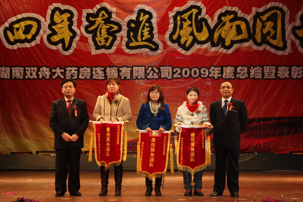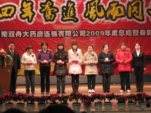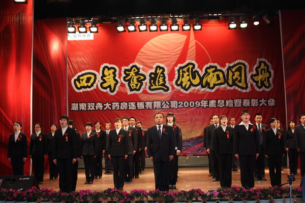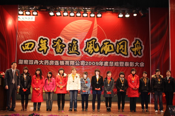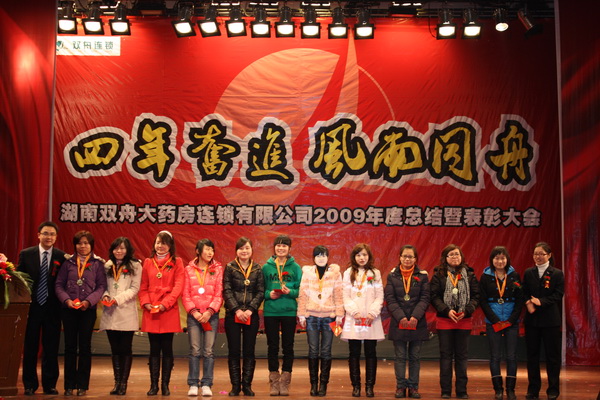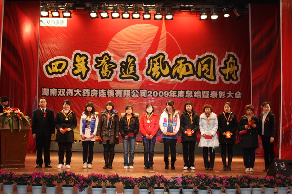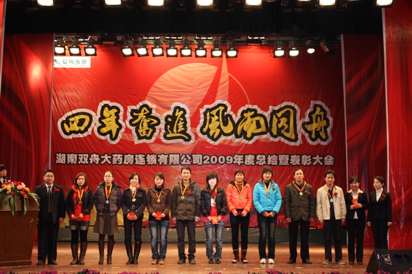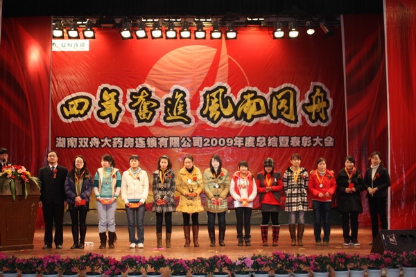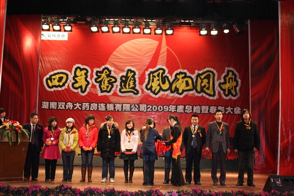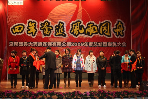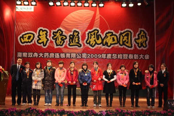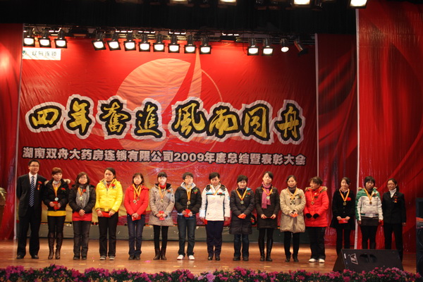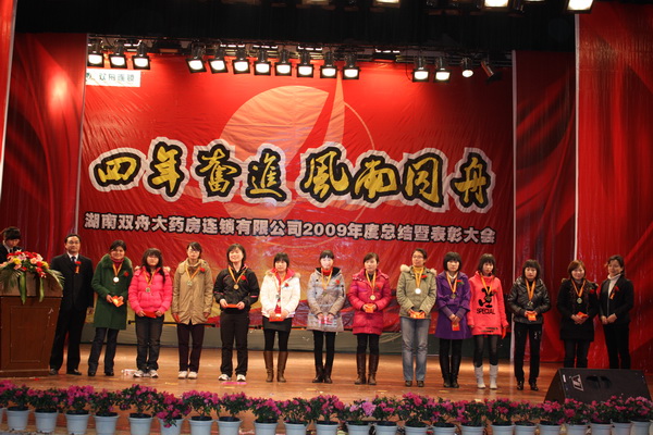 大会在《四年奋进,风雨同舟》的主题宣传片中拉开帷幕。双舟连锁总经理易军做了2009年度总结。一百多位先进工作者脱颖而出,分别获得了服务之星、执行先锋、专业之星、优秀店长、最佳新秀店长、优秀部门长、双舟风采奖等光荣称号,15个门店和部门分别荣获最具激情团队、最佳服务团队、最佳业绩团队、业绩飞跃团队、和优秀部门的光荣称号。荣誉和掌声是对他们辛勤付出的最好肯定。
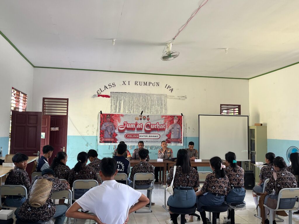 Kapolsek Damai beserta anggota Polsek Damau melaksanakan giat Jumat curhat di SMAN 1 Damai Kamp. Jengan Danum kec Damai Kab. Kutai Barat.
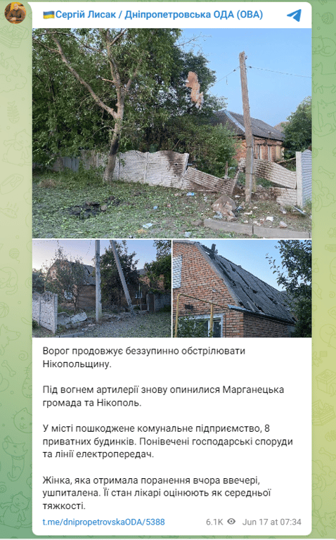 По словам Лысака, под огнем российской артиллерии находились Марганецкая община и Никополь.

Your task:
Copy the whole of the material above exactly, but not its images.

Result of the exercise:
 大会在《四年奋进,风雨同舟》的主题宣传片中拉开帷幕。双舟连锁总经理易军做了2009年度总结。一百多位先进工作者脱颖而出,分别获得了服务之星、执行先锋、专业之星、优秀店长、最佳新秀店长、优秀部门长、双舟风采奖等光荣称号,15个门店和部门分别荣获最具激情团队、最佳服务团队、最佳业绩团队、业绩飞跃团队、和优秀部门的光荣称号。荣誉和掌声是对他们辛勤付出的最好肯定。
 Kapolsek Damai beserta anggota Polsek Damau melaksanakan giat Jumat curhat di SMAN 1 Damai Kamp. Jengan Danum kec Damai Kab. Kutai Barat.
 По словам Лысака, под огнем российской артиллерии находились Марганецкая община и Никополь.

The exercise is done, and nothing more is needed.